METGRID.TBL Modification
I don't really understand how METGRID works, but it's important when changing the lake size in geo_em.d0* files. The issue with the METGRID.TBL is that it reverts back to the old lake size when it writes the LANDSEA variable. Here is a hack: I made the following modification which masks the LANDSEA based on the LANDMASK variable, and sets the points that are not land to land.
This is important because it defines variables like Albedo and Green Area Fraction based on a lake mask.
GEOGRID.TBL Modification
There are many variables that are affected by the lake mask, so I turned all the masking off in the GEOGRID.TBL file. This way geogrid doesn't think there is a lake and we can manually add the mask to these variables later with a modified version of the shrink_GSL.py script.
Simply comment out masked=water line
Modify Lake Temperature in Initialization of Real
The lake surface temperature from the default MODIS land use input is about 6 degrees cooler than what was actually observed at the buoy. I added the following code to the WRFV3/dyn_em/module_initialize_real.F to manually change the temperature of the Great Salt Lake.
Added the code in the below textbox after the following comment and code near line 2529:
! At the initial time we care about values of soil moisture and temperature, other times are ! ignored by the model, so we ignore them, too. IF ( domain_ClockIsStartTime(grid) ) THEN account_for_zero_soil_moisture : SELECT CASE ( model_config_rec%sf_surface_physics(grid%id) )
Note: WRF doesn't vary the lake temperature at each time step. It assumes the lake surface temperature will change slowly compared to the land surface temperature, so lake surface temperature stays constant throughout the model run. Since I'm focused on a lake breeze in the afternoon I use an afternoon lake temperature to run the entire WRF simulation.
Below is the change from the default lake size and temperature to my modified temperature to 302 K.
Edit WRF fields in Photoshop
I always thought it would be nice if I could load a netCDF file into photoshop and make changes to fields with the paint brush and pencil tool.
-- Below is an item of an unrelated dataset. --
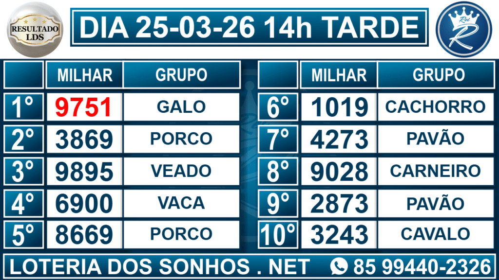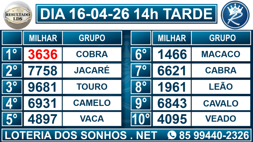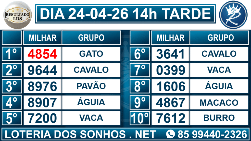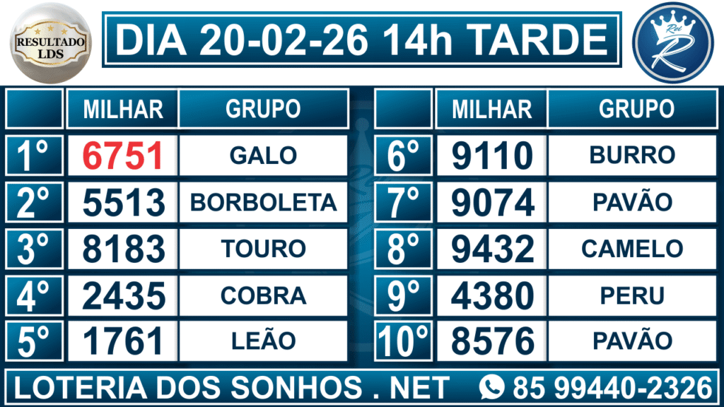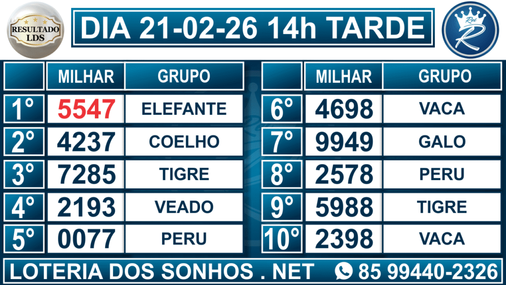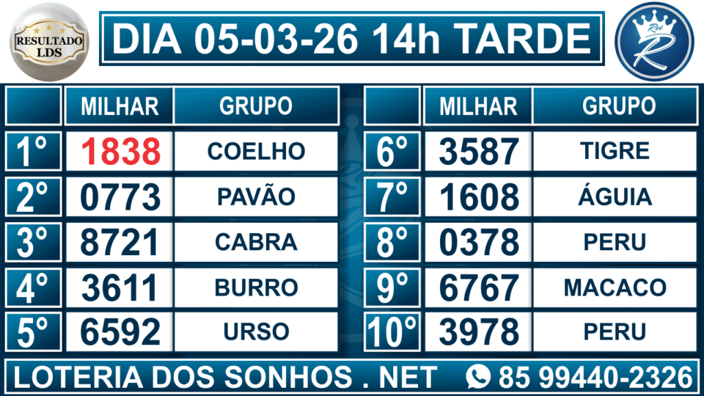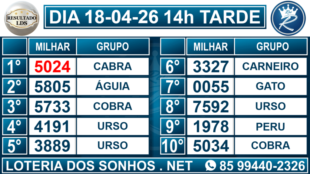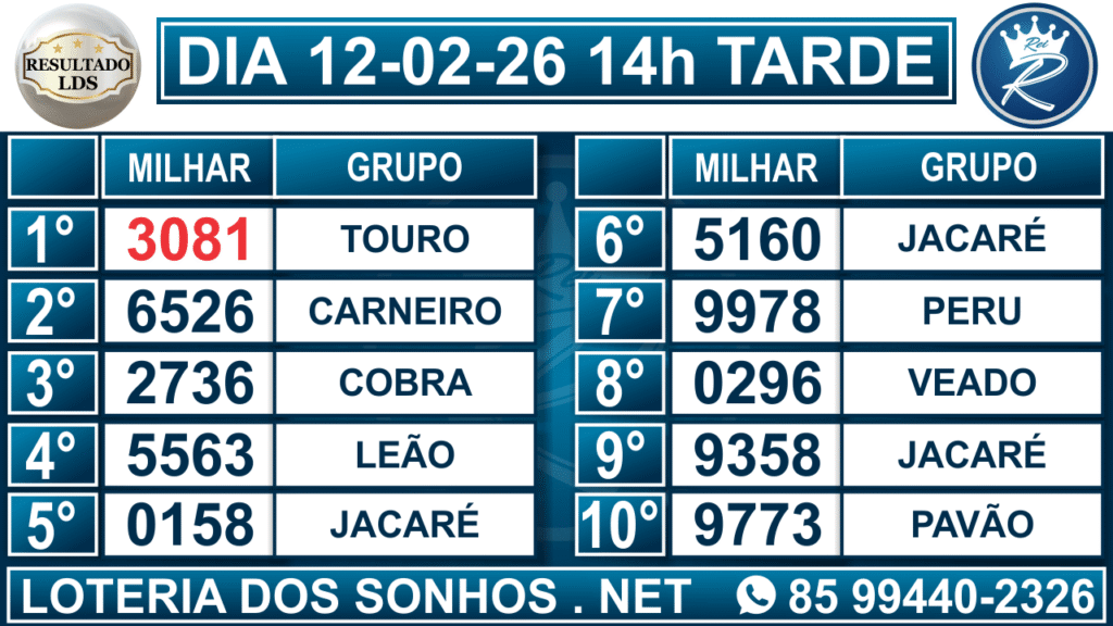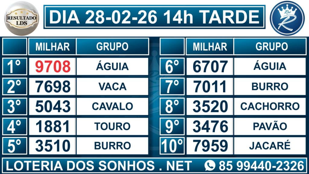 Resultado das 14h – Tarde

Well, now you can!, with this three step process using Python (this only works with binary arrays or categorical data sets so far). This is a work in progress and will get more attention upon need for doing this kind of work again.- Convert a netCDF array into a bitmap image netcdf_to_bitmap.py.
- Open image in PhotoShop and use the pencil tool to change colors (i.e. land use categories). Save image as bitmap.
- Open the modified land use image in Python bitmap_to_netcdf.py. and extract the colors as categories. Save array into the WRF netCDF file
As an example, Jim Steenburgh wanted to make the Lake Ontario simple on the southern coast for a test WRF simulaiton. From the geo_em.d03.nc file I created a bitmap image of the LANDMASK array, Jim modified the lake in Photoshop, I then used the new bitmap image to redefine a new lakemask and landuse index for the lake.